At last, Trump has set the stage for a sequel to his first book of lies, The Art of the Deal—and in grand style. He’s found the right investor. He may have received a gold necklace from the Saudi king and looked regal; he is actually acting as a broker to have Saudi Arabia invest $40 billion in Blackstone, so Trump can give away our crown jewels in the guise of fixing our crumbling infrastructure. Like all Trump deals, being the showman, he’ll leave the details to others.

However, the real priority of his infrastructure plan is now abundantly clear. We now know what he means when he heralds a public-private partnership. Simply put, it means giving private enterprise the public’s assets, so investment can build something for a return on investment. While the New Deal’s WPA had government turning to private enterprise to build projects like public buildings and structures like the great dams to create hydro-electric power for millions of people and employing millions of workers, this is about selling our bridges, tunnels and roads to investment bankers. Does Trump even have the power to make these deals without congressional approval? I hope not.

Last week Jared Kushner called Lockheed and supposedly convinced it to lower its prices for the benefit of a foreign customer. Is that the administration’s way of putting America first? This week, Kushner and his father-in-law met the Saudis and worked out a deal to sell them a variety of weaponry, while getting them to invest $40 billion in Blackstone, so they can invest in our crumbling infrastructure. In this no-bid asset sale, with nothing more than a handshake, Trump has given Blackstone the funds to end up owning our infrastructure. I suppose this is what Trump means when he declares, “Buy American.”

It is becoming abundantly clear that we have a group of businessmen running our country in an attempt to take as much as they can for their former companies, whether it’s Rex Tillerson’s Exxon/Mobil, or Steven Mnuchin’s Goldman Sachs. It is hard to reconcile this charade on so many levels. For one, since when does a president think he has the right to sell our country? Secondly, when did we lose the ability to have our other elected officials—by that I mean Republicans—continue to permit this administration to go on a jaunt around the world, speaking for the American people in the very same week they are proposing to gut any aid to those most in need? Big business gets tax breaks and incentives to pillage our country to benefit Trump’s cronies in the White House.

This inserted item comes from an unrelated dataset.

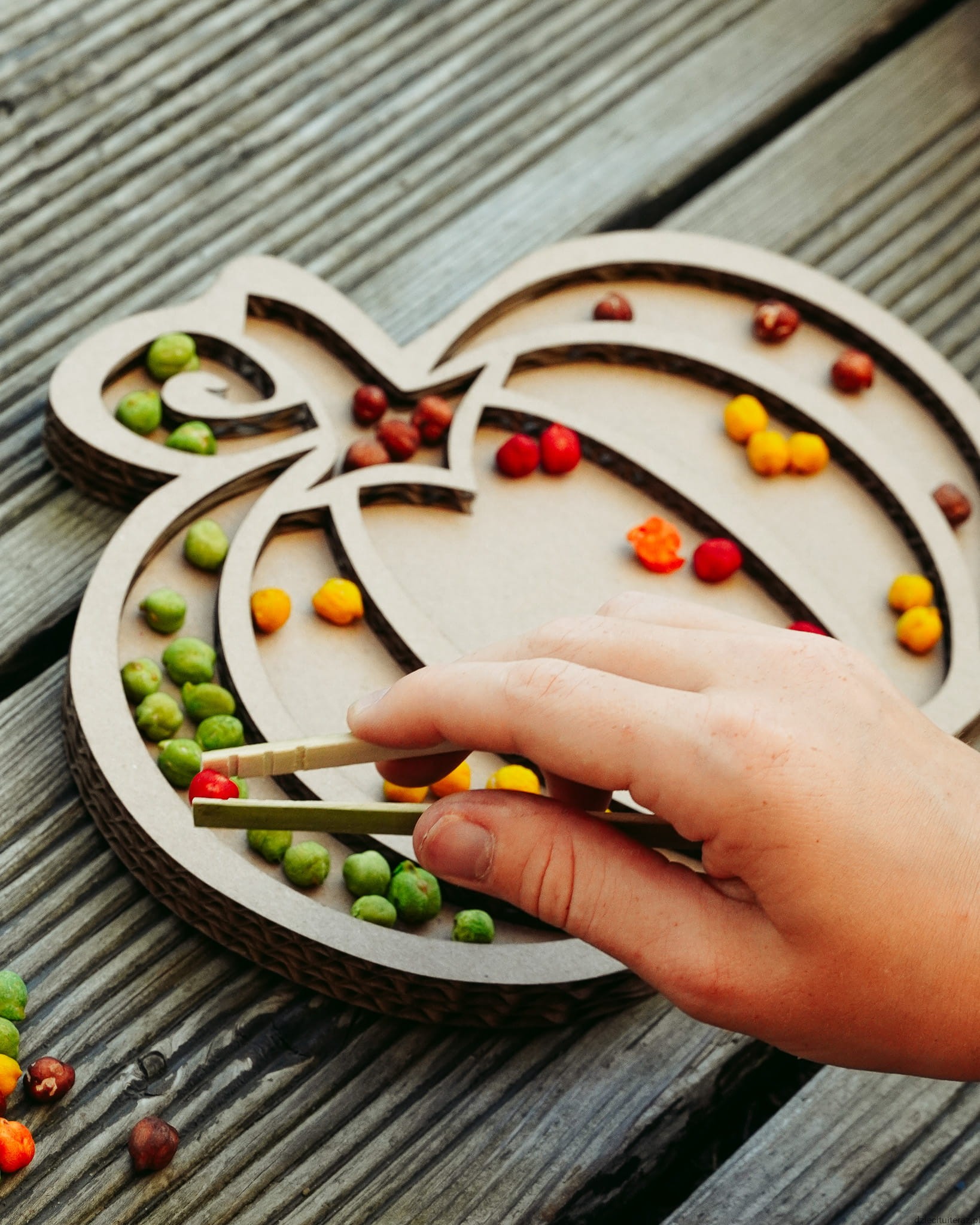 Pomoc terapeutyczna jest w pełni ekologiczna, zrobiona z tektury i naturalnych ziaren.

It’s one thing to take from Peter to pay Paul, but quite another to take from Peter and give everything to Paul.

By the time this “president” is gone, his brand will only be welcome in the most repressive and authoritarian countries in the world. It’s a perfect match, with no regulations and full-on government handouts. He couldn’t have asked for a better deal. Warning to France: Watch out for the Eiffel Tower.

This article was made possible by the readers and supporters of AlterNet.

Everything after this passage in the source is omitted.